Радость вора — это физическая радость. Радуется все тело. Должно быть, Пьеро ненавидел мошенничество, раз так наивно восхищался великими мошенниками, как восхищался он книгами и их авторами, нисколько не любя их. Идя на кражу, он был счастлив от кончиков ногтей до корней волос.
— Пьеро, ведь ты был счастлив, когда вы вместе шли на дело с Роки…
В тишине раздался его смех:
— Слушай, Жан, отвяжись, ну что ты все…
— Что?..
— Даже когда один (голос переходит в шепот, он говорит едва слышно, я должен придвинуться как можно ближе, прислушиваться, затаив дыхание. Темнеет, лестница погружается во мрак).
— … я ведь на дело всегда ходил соло, ты ведь понимаешь, с этими подельниками…
Я понимаю и еще замечаю в темноте, как он досадливо машет рукой.
— Соло!
Этот мальчик научил меня, что истинная суть парижского арго — печальная нежность. И я говорю ему то, что обычно говорю прощаясь:
— Курить есть? — Но он не отвечает прямо на мой вопрос.
Он еще шире улыбается и шепчет, протягивая открытую ладонь:
— Ну давай, давай со своим чинариком! Выкладывай!

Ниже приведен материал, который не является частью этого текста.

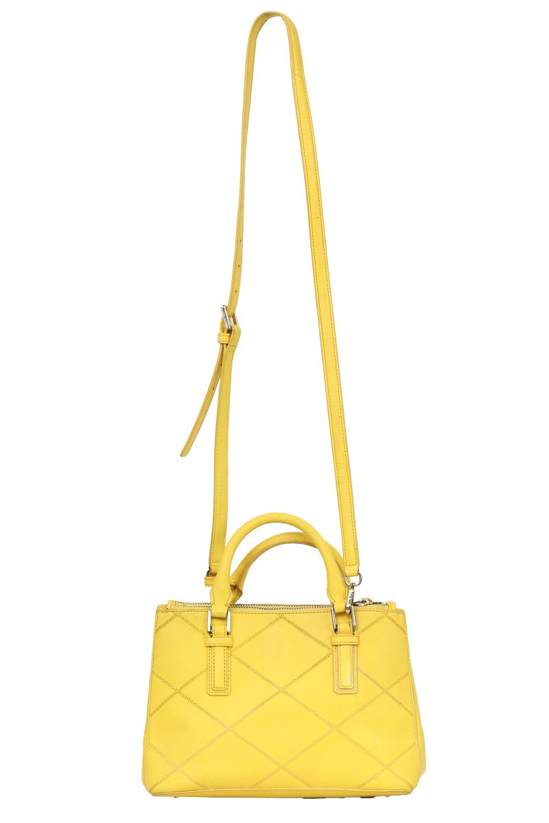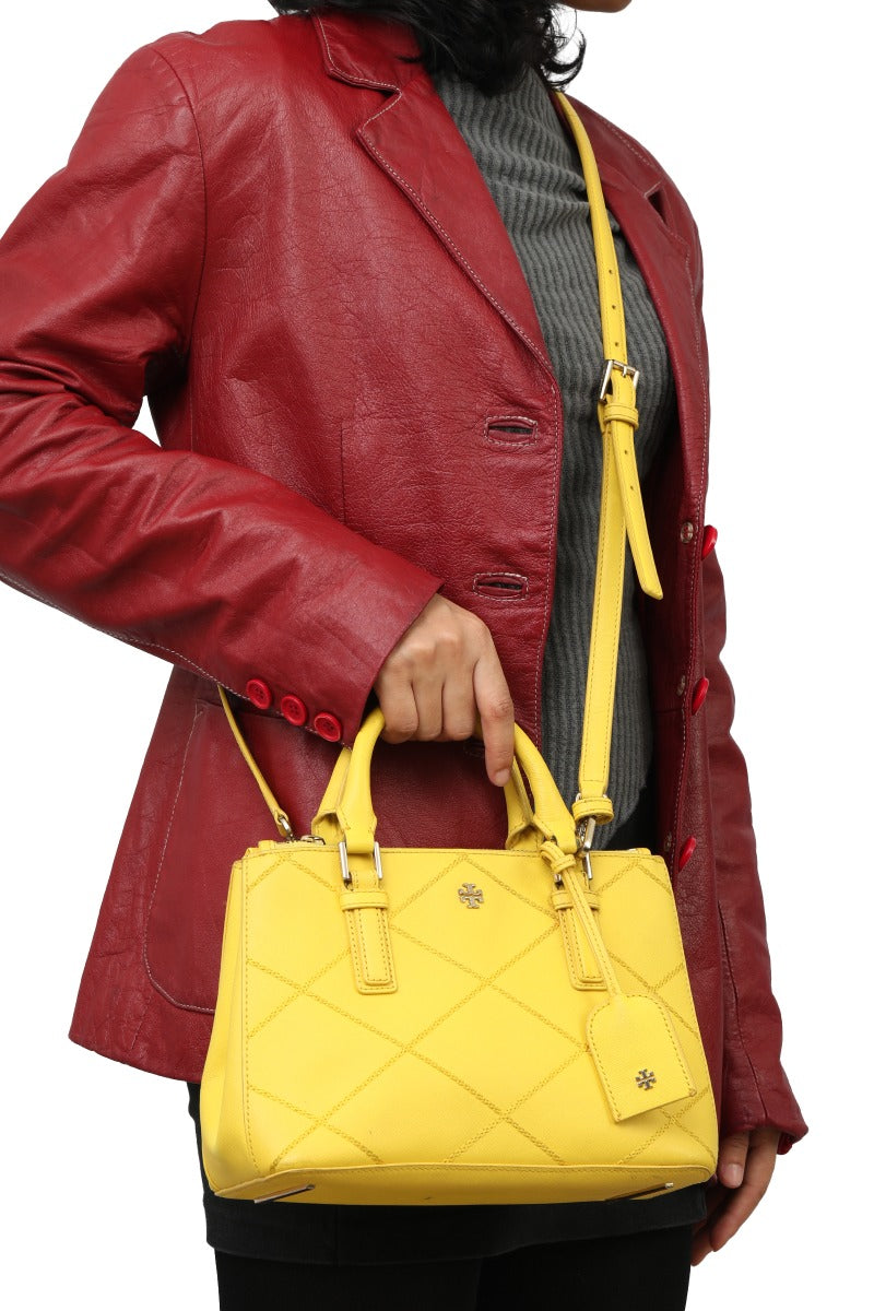 Tory Burch Robinson Double Zip Yellow Sunshine Top Handle Bag comes in this Stunning Yellow color .It falls under our Pristine Condition Category. No visible wear and tear or fading can be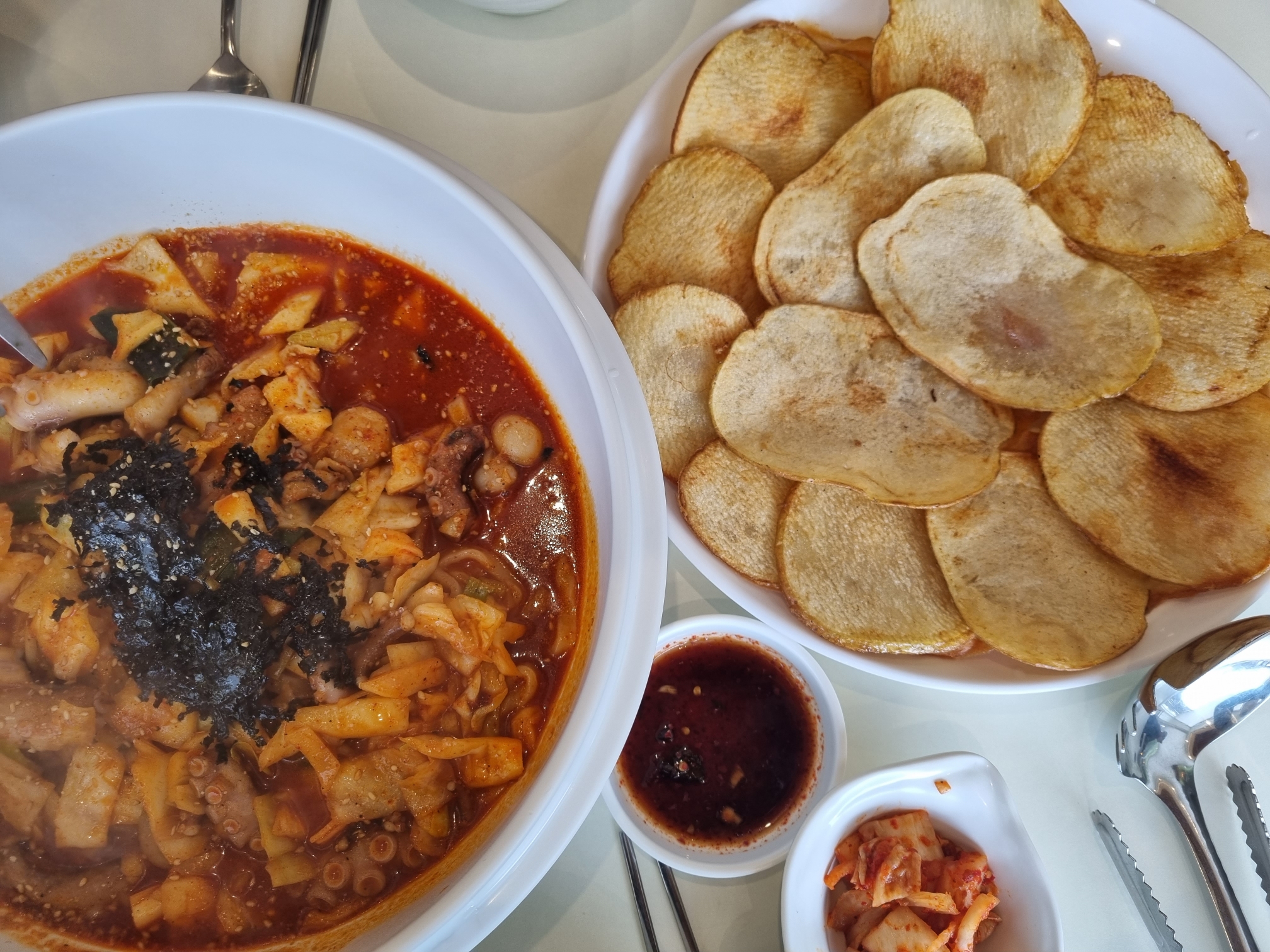 대부분 칼낙지에 감자전 많이 드셔요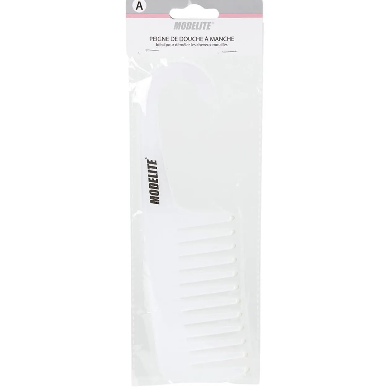 Peigne de douche avec crochet de suspension intégré au manche.

Сделай милость! — И он удаляется, иронично отсалютовав мне на прощание.
Уже на следующий день после той свадьбы, о которой я рассказывал, я покинул Колонию навсегда, не успев даже провести с Дивером ни одной ночи, впрочем, я и не рассказал еще о том, как впервые встретился с ним. Был вечер утомительно-долгого майского дня, когда орифламмы в честь праздника Жанны д'Арк устало поникли под тяжестью наконец-то завершившейся торжественной церемонии, и полиняло небо, словно к концу бала — макияж светской красавицы, и вот тогда, когда больше уже нечего было ждать, появился он.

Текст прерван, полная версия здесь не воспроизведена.